In today's "Australian",
Greg Sheridan joins in the debate. His thoughts bear quoting at some length:

"When I was a child a revered Irish uncle gave me a biography of the Irish nationalist leader, Michael Collins, entitled The Big Fella. From the moment I read that book I was enchanted with the heroism and gallantry and poetry of Collins's life. But Collins, back in 1919-20, was an IRA leader and for a time the most wanted man in the British Empire.

"Yet later he negotiated a peace treaty with the British government, a treaty for which he was murdered. Surely that shows... that today's terrorist is tomorrow's national leader.

"Wrong. Dead wrong.

"It shows instead the confusion that arises from conflating leaders such as Collins with today's radical Islamist terrorist leaders of the al-Qa'ida and Jemaah Islamiah variety.

"Collins had the completely rational, indeed perfectly reasonable, aim of securing Irish independence. He negotiated a compromise that involved partitioning the country and accepting dominion status for Ireland within the British Empire (it ultimately became a republic some years later).

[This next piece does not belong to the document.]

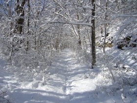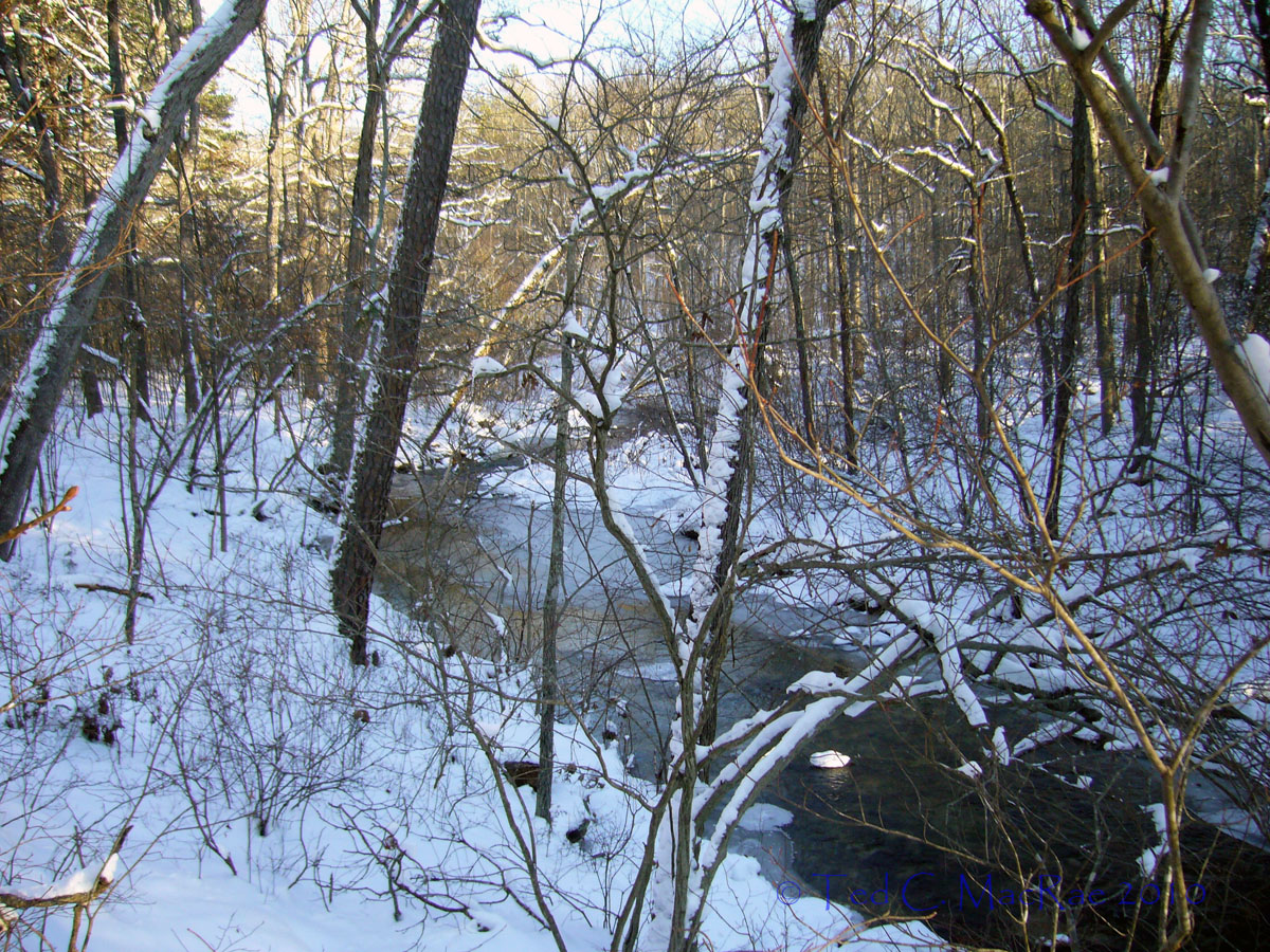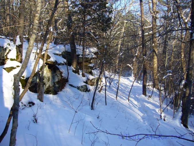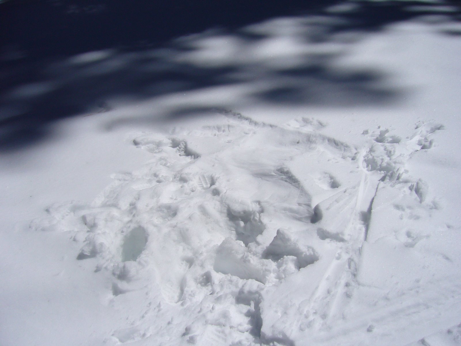 We encountered a few cross-country skiers during our hike, but for the most part we spent the day in solitude. Shortly after beginning our hike, however, we came upon this impression in the snow. At first we thought someone had attempted to make a “snow angel,” but after studying it more carefully we realized it was made by a cross-country skier who had fallen and then struggled to get back up:
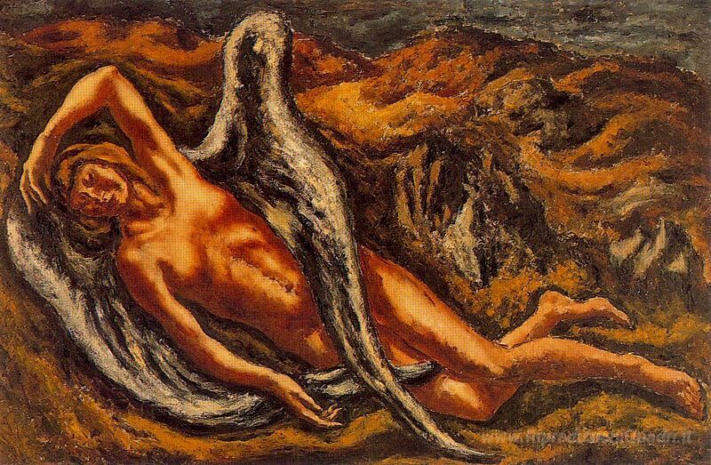 Ti offriamo una riproduzione artigianale su tela dell'opera famosa 'Il Los Angeles caduto (Leda e il cigno)' di Arturo Souto, dal Museo delle Riproduzioni.

"Even terrorist groups that have core demands which cannot be met, such as the PLO in the 1970s (the destruction of Israel), or the Basque ETA today (a separate Basque nation), or the Moro Islamic Liberation Front in the Philippines (an independent Muslim republic in the south), often have demands that are at least possible, that are rational and meaningful in the existing order.

"The demands of JI and al-Qa'ida are literally absolutist and totalitarian. To say you can't negotiate with them is not only to make a moral judgment but simply to describe reality. The spiritual head of JI, Abu Bakar Bashir,
told The Bulletin magazine this week: 'The world and Indonesia belong to Allah. Therefore it should be ruled under Allah's law without bargaining. I believe the clash of civilisations will continue, but in the end Islam will definitely win ... Peace can only be achieved after Islam triumphs.'

"In Jakarta I once interviewed a leader of an Indonesian terrorist group, the Islamic Defenders' Front. One of his demands was that all foreigners should leave Indonesia. How do you compromise with that? Should we ask if half the foreigners leaving would be sufficient?

"Among the objectives of al-Qa'ida and JI are that all Westerners should leave the Middle East and all Muslim lands, and that all lands that have ever been controlled by Muslims should return to Muslim control (including, naturally, Spain and East Timor), that all moderate Muslim governments be replaced by fundamentalist governments that observe strict shariah law as part of a caliphate that unites the Muslim world.

"When you get down to brass tacks they also demand that the West should convert not only to Islam, but to their brand of Islam. So which bits can we negotiate here -- can we offer to keep our womenfolk indoors but in exchange not require them to wear the burqa at all times?"
It bears constant repeating: Islamism is a political ideology as totalitarian in its outlook, objectives and methods as communism or Nazism. Yes, addressing the "root causes" of Islamist terrorism (the Israeli-Palestinian conflict, the sense of humiliation and helplessness in the Middle East, etc etc etc) might decrease some of the public support that bin Laden & Co enjoy but it won't eliminate the problem, any more than addressing the "root causes" of German resentment and aggression through a series of appeasing measures in the 1930s had prevented the Nazis from trying to fulfill their dream of dominating over the whole of Europe and exterminating the Jews.

But simple logic won't stop the same sorts of people making the same sorts of mistaken assumptions generation after generation. Marx once wrote that history repeats itself, first time as tragedy and the second time as farce. We've already had the tragedy of trying to appease Nazism, followed by the farce of trying to appease communism (although the farce wasn't very funny to millions of communism's victims), and now I'm afraid we've run out of nouns to describe the current willingness to appease and negotiate with Islamo-fascists. Because how do you better a farce?